If you've racked up some significant credit card balances, your neighborhood bank or credit union might offer a personal loan to help you pay down your debt more quickly. It's a good deal if you can meet all three of these conditions:
- You can get an unsecured personal loan with fees and finance charges far less than what you're paying right now.
- You're confident that your family, health, and employment situations will stay stable enough to maintain your cash flow while you pay down the loan.
- You're disciplined enough to prevent your credit card balances from creeping back up once you've paid your bills with your personal loan.
Otherwise, you may be better off shopping for a balance transfer offer from your bank or from their rivals. Competition has heated up again among lenders.

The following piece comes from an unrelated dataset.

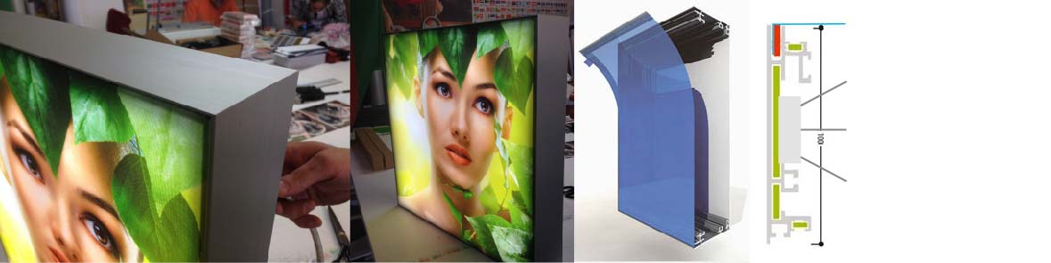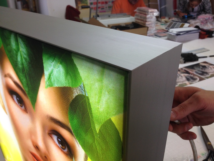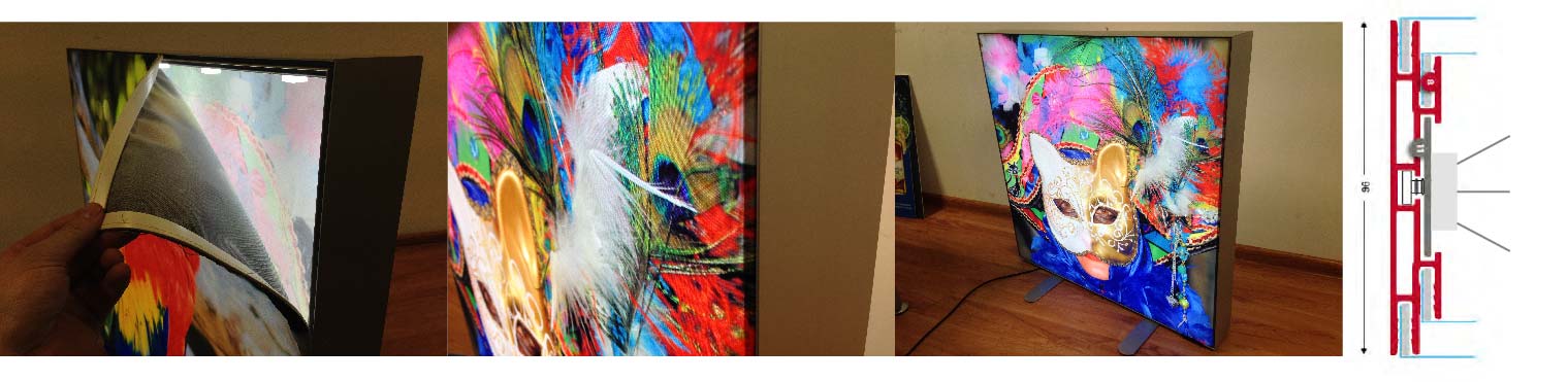 Эти лайтбоксы из текстиля имеют специальную систему профилей из анодированного алюминия для натягивания текстиля или ткани.
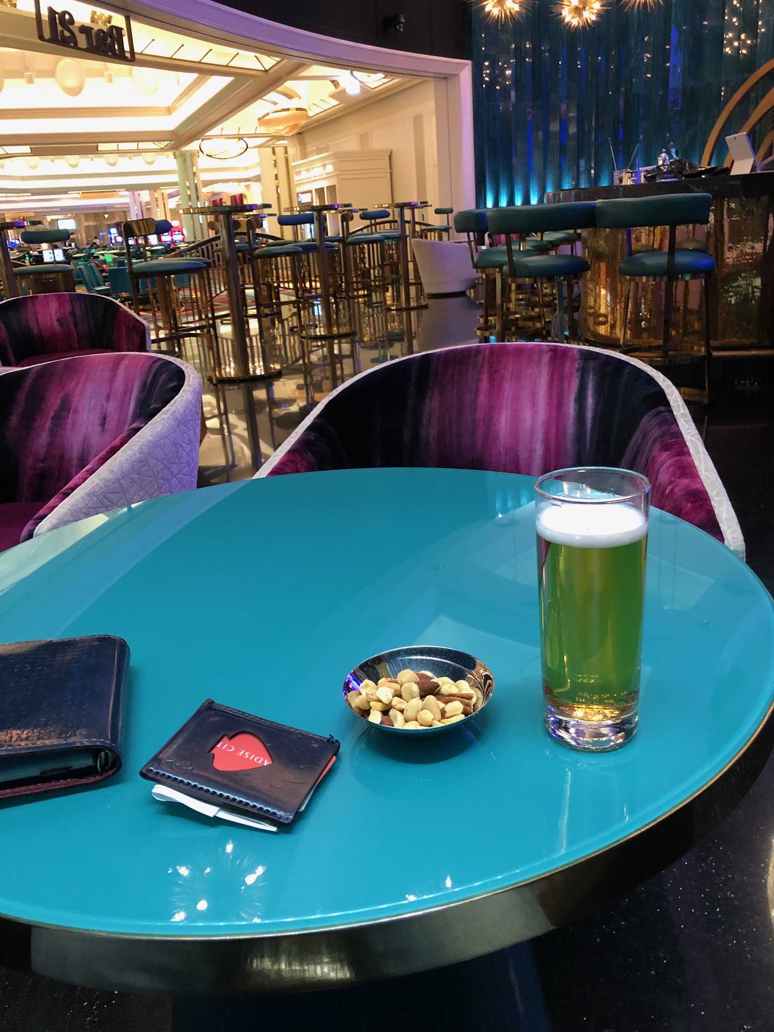 カジノに降りていくと、ナッキーさんがいました!1万BJ卓で一緒に居酒屋BJをします。

Even consumers with fair credit scores have reported qualifying for some decent balance transfer deals. If you've paid your bills consistently over the past few years, you may even qualify for a deal with no upfront balance transfer fee.
Avoid taking out a personal loan that requires you to post collateral. In the late 1990s and early 2000s, many homeowners believed that they could save money by rolling credit card balances into home equity lines of credit. When housing prices collapsed, those HELOC deals haunted Americans who faced foreclosure because of their spending habits. A lender may sue you over an unpaid credit card bill, but they can't seize your home.
Sadly, I'm hearing more stories lately about credit card customers who fall victim to disreputable lenders. These companies use high pressure sales tactics to push low quality loans. Despite public scrutiny, predatory lending still impacts the unemployed, the elderly, and residents of low income communities. Don't do business based on a single telemarketing call. Instead, do your homework, research your prospective lender online, and avoid deals that sound too good to be true.